3 Tutorial 1: Software Simulation

Go to ./input_src/rendering512 and type make, you will get the software simulation to run. The results are as below.

4 Tutorial 2: Install Setup Files

  1. Below you compile any applications, you need to install the necessary setup files by executing commands as below. This step can take hours. The setup files can be reused by different applications.
make install

5 Tutorial 3: Map one Operator to one PR Region

  1. In the Makefile, change the prj_name to rendering512. You can also change the frequency you want. Currently, we support 100MHz, 150MHz, 200MHz, 250MHz, 300MHz.
    prj_name=rendering512
    freq=200M
  1. Type 'Make -j$(nproc)'. It will generate all the necessary DCP and bitstream files automatically. Different operators can be compiled in parallel according to the thread number of your local machine. Be careful with the memory requirements, when you use multi-threads to compile the project. When I use 4 threads to compile, I at least need 32 GB DDR memory.
Make -j$(nproc)
  1. After all the compile tasks are completed, you can see the abstract shell dcp for each DFX pages under .workspace/F001_overlay_rendering512_200M/au50_dfx_hipr/checkpoint.

  2. Type make run, you will see the results below.

  1. If you see errors below, just type make run again. This error may show several times. We believe it is a bug from Xilinx Runtime.

  1. Run the command below to get the runtime of the application. You can see the runtime for rendering512 is 1.58 ms.
cat ./workspace/F005_bits_rendering512_200M/opencl_summary.csv

  1. In the terminal type make report, you will see the resource, compile time and STA timing reports as below. As you can see, we only define function data_redir_m as partial reconfigurable.

  1. You can change input_src/rendering512/operators/data_redir_m.cpp and type make, you will see the HiPR only re-compile function data_redir_m only.

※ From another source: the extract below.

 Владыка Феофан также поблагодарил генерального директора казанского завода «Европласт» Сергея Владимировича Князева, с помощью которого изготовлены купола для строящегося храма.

6 Tutorial 4: Map all Operators to PR Regions

  1. In the Makefile, change the prj_name to rendering512. You can also change the frequency you want. Currently, we support 100MHz, 150MHz, 200MHz, 250MHz, 300MHz.
    prj_name=rendering512_all
    freq=200M
  1. Type 'Make -j$(nproc)'. It will generate all the necessary DCP and bitstream files automatically. Different operators can be compiled in parallel according to the thread number of your local machine. Be careful with the memory requirements, when you use multi-threads to compile the project. When I use 4 threads to compile, I at least need 32 GB DDR memory.
Make -j$(nproc)
  1. After all the compile tasks are completed, you can see the abstract shell dcp for each DFX pages under .workspace/F001_overlay_rendering512_200M/au50_dfx_hipr/checkpoint.

  2. Type make run, you will see the results below.

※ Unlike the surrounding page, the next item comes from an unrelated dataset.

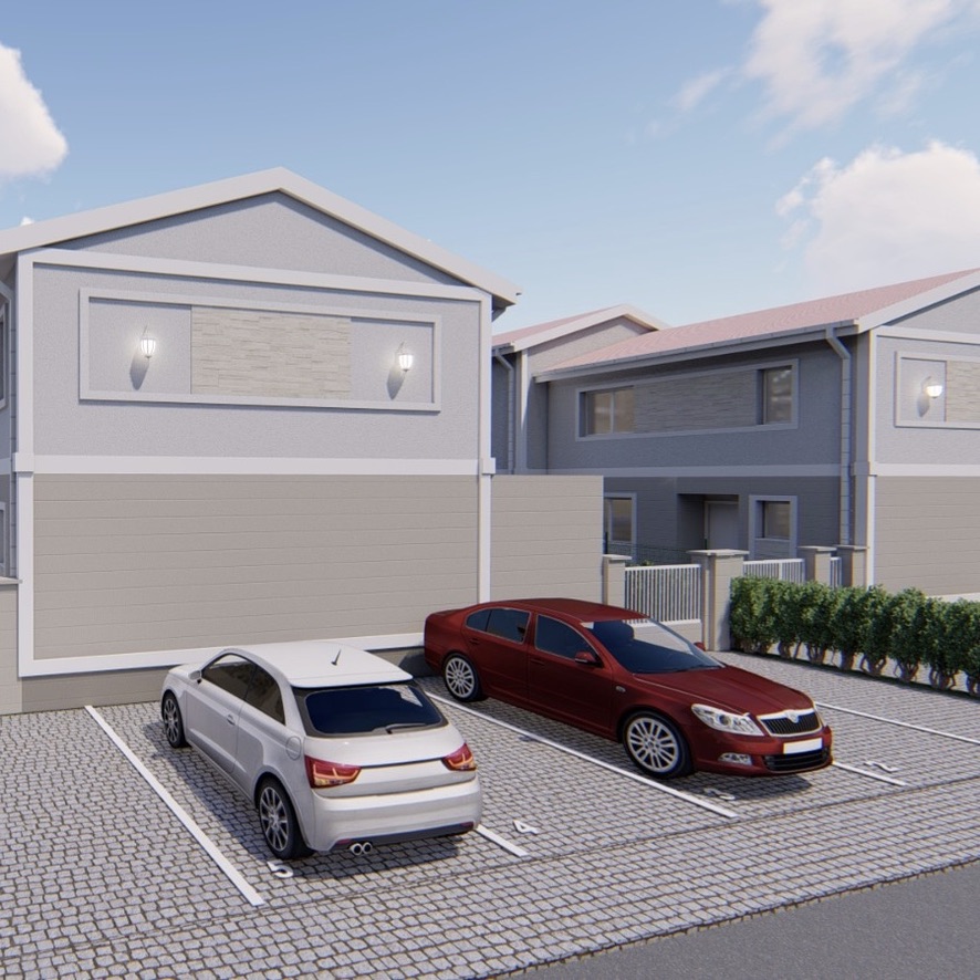 - Fiecare proprietate este împrejmuită cu gard din șipca metalică, culoare albă

  1. If you see errors below, just type make run again. This error may show several times. We believe it is a bug from Xilinx Runtime.

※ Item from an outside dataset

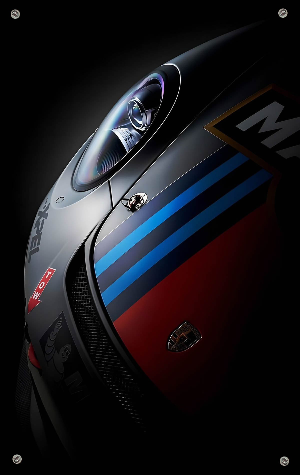 Grafika jest bardzo ładnej jakości, kolory są nasycone, wykończenie połysk. - Zdjęcie główne przedstawia wizualizację tablicy z grafiką, przykładowy i gotowy wygląd tablicy z grafiką jest na kolejnych zdjęciach w galerii (kierowca w kasku, Porsche), grafikę dopasowujemy do szerokości tablicy z zamówienia.

  1. Run the command below to get the runtime of the application. You can see the runtime for rendering512 is 1.58 ms.
cat ./workspace/F005_bits_rendering512_all_200M/opencl_summary.csv

  1. In the terminal type make report, you will see the resource, compile time and STA timing reports as below. As you can see, we define all the sub-functions as partial reconfigurable.

  1. You can change any files in input_src/rendering512_all/operators and type Make -j$(nproc), you will see the HiPR only re-compile modified functions in parallel.